== INFORMATION PROVIDED

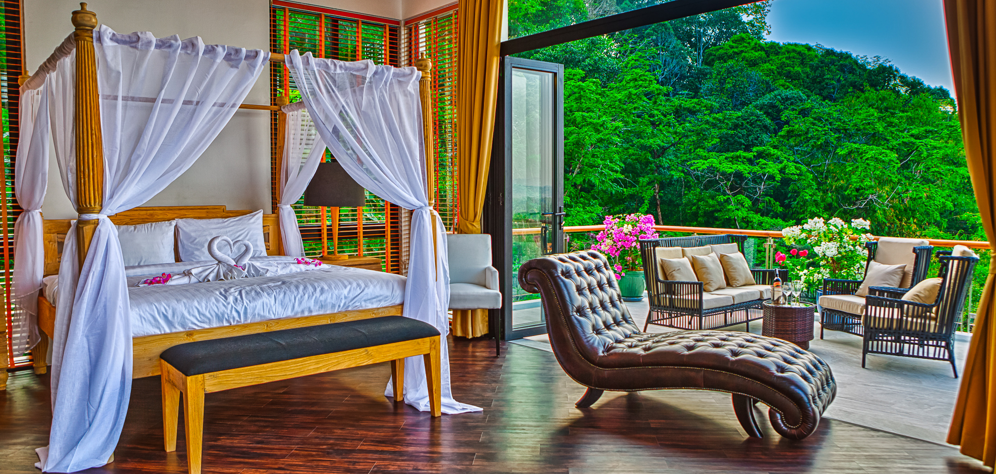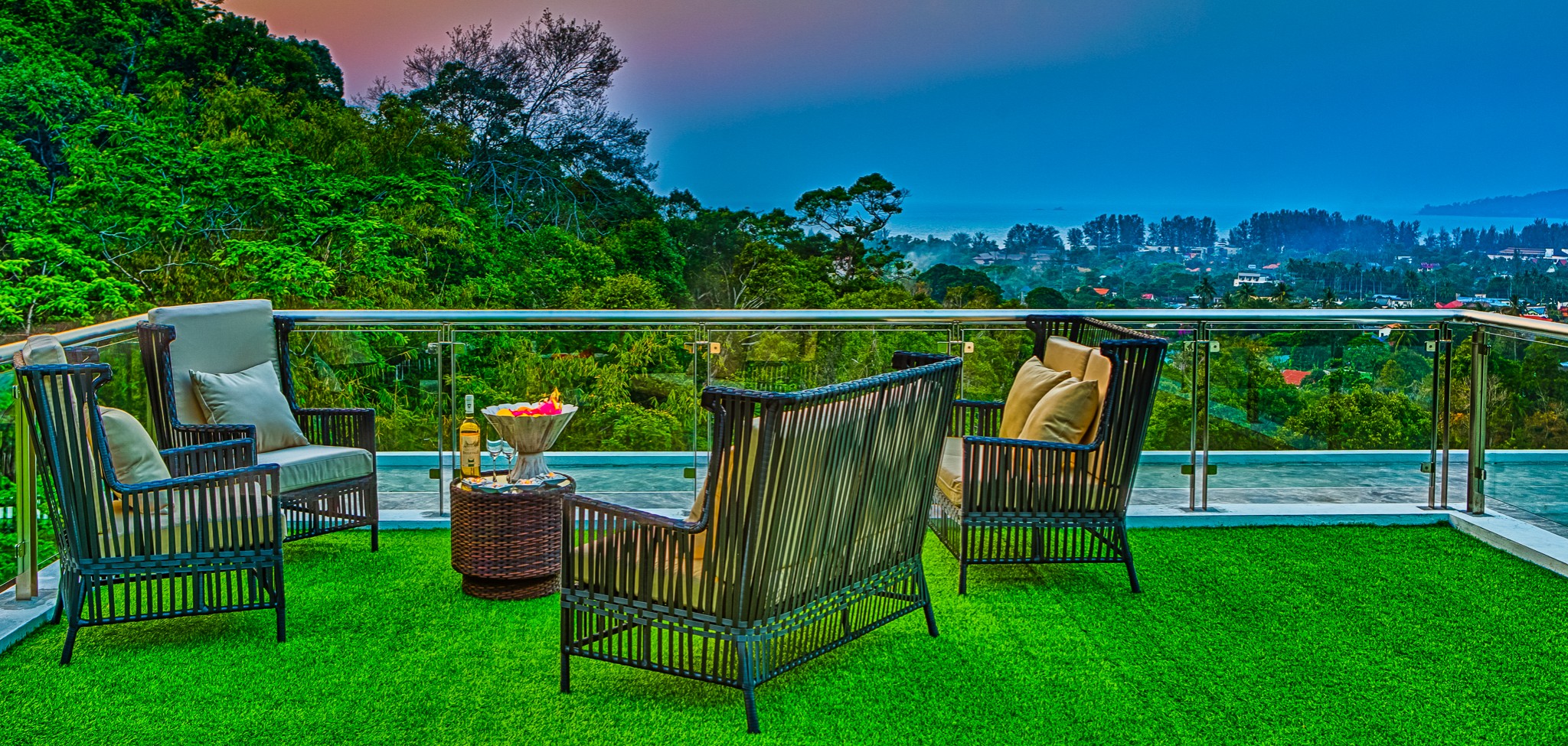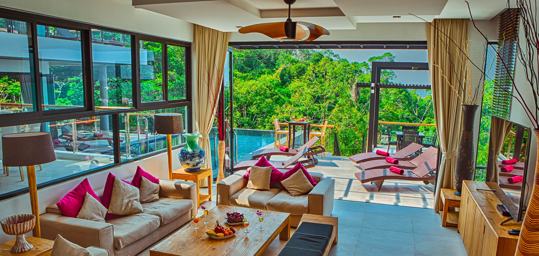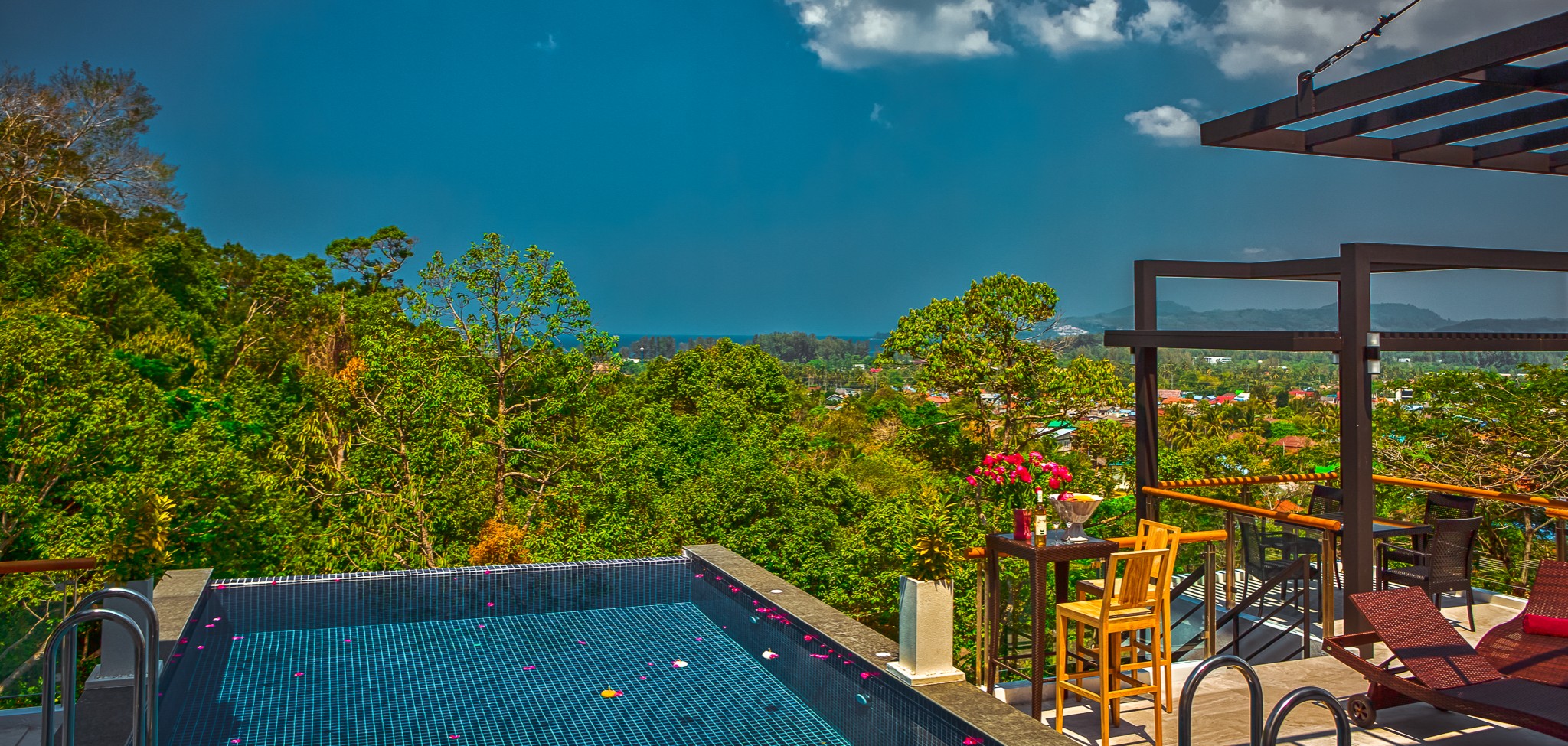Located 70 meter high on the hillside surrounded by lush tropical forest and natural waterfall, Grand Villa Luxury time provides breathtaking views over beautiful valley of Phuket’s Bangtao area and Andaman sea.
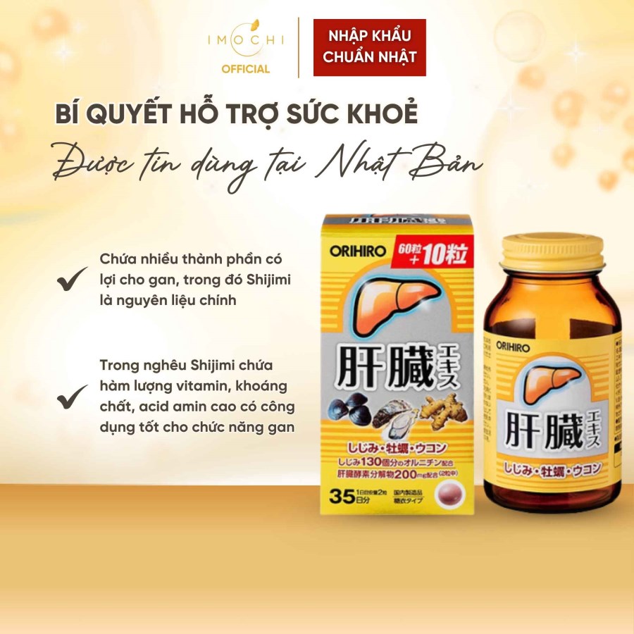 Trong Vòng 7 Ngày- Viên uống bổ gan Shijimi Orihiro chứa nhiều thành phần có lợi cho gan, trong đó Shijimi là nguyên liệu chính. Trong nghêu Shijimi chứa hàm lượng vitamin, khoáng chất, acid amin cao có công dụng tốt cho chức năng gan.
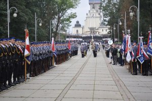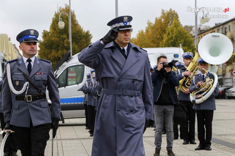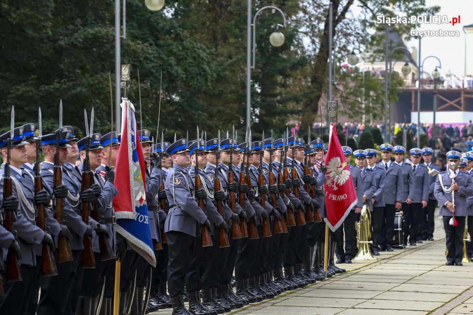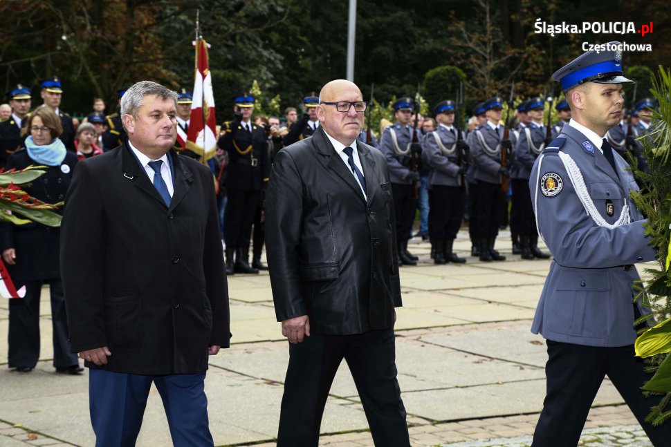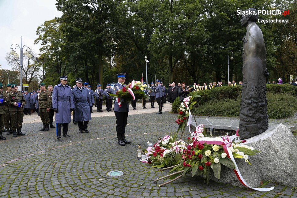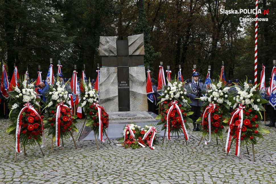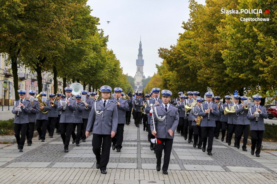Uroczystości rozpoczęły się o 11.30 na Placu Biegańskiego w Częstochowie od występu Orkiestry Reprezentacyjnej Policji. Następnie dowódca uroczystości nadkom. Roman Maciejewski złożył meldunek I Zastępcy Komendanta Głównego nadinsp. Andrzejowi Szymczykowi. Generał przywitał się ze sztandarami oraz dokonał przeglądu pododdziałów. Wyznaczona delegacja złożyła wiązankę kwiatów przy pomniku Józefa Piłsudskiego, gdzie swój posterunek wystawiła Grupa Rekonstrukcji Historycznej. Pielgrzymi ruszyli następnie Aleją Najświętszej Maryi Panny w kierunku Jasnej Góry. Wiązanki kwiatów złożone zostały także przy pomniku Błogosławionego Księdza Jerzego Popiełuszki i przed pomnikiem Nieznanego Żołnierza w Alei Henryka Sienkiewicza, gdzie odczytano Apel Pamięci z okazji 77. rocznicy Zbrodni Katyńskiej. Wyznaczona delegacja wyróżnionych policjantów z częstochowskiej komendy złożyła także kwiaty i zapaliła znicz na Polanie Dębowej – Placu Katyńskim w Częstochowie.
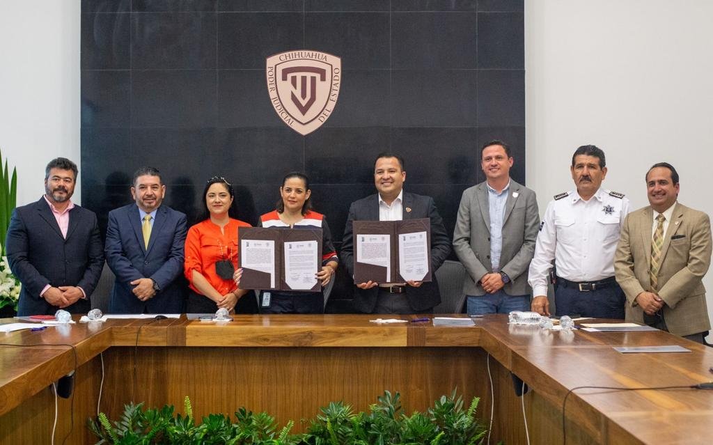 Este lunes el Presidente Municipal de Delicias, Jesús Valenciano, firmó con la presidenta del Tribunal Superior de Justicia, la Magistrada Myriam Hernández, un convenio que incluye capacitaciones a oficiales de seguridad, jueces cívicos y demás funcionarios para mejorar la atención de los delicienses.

====

■ REQUIRED ACTION
Apart from the pictures, the material above has to be repeated exactly.

■ EXERCISE ANSWER
Located 70 meter high on the hillside surrounded by lush tropical forest and natural waterfall, Grand Villa Luxury time provides breathtaking views over beautiful valley of Phuket’s Bangtao area and Andaman sea.
 Trong Vòng 7 Ngày- Viên uống bổ gan Shijimi Orihiro chứa nhiều thành phần có lợi cho gan, trong đó Shijimi là nguyên liệu chính. Trong nghêu Shijimi chứa hàm lượng vitamin, khoáng chất, acid amin cao có công dụng tốt cho chức năng gan.
Uroczystości rozpoczęły się o 11.30 na Placu Biegańskiego w Częstochowie od występu Orkiestry Reprezentacyjnej Policji. Następnie dowódca uroczystości nadkom. Roman Maciejewski złożył meldunek I Zastępcy Komendanta Głównego nadinsp. Andrzejowi Szymczykowi. Generał przywitał się ze sztandarami oraz dokonał przeglądu pododdziałów. Wyznaczona delegacja złożyła wiązankę kwiatów przy pomniku Józefa Piłsudskiego, gdzie swój posterunek wystawiła Grupa Rekonstrukcji Historycznej. Pielgrzymi ruszyli następnie Aleją Najświętszej Maryi Panny w kierunku Jasnej Góry. Wiązanki kwiatów złożone zostały także przy pomniku Błogosławionego Księdza Jerzego Popiełuszki i przed pomnikiem Nieznanego Żołnierza w Alei Henryka Sienkiewicza, gdzie odczytano Apel Pamięci z okazji 77. rocznicy Zbrodni Katyńskiej. Wyznaczona delegacja wyróżnionych policjantów z częstochowskiej komendy złożyła także kwiaty i zapaliła znicz na Polanie Dębowej – Placu Katyńskim w Częstochowie.
 Este lunes el Presidente Municipal de Delicias, Jesús Valenciano, firmó con la presidenta del Tribunal Superior de Justicia, la Magistrada Myriam Hernández, un convenio que incluye capacitaciones a oficiales de seguridad, jueces cívicos y demás funcionarios para mejorar la atención de los delicienses.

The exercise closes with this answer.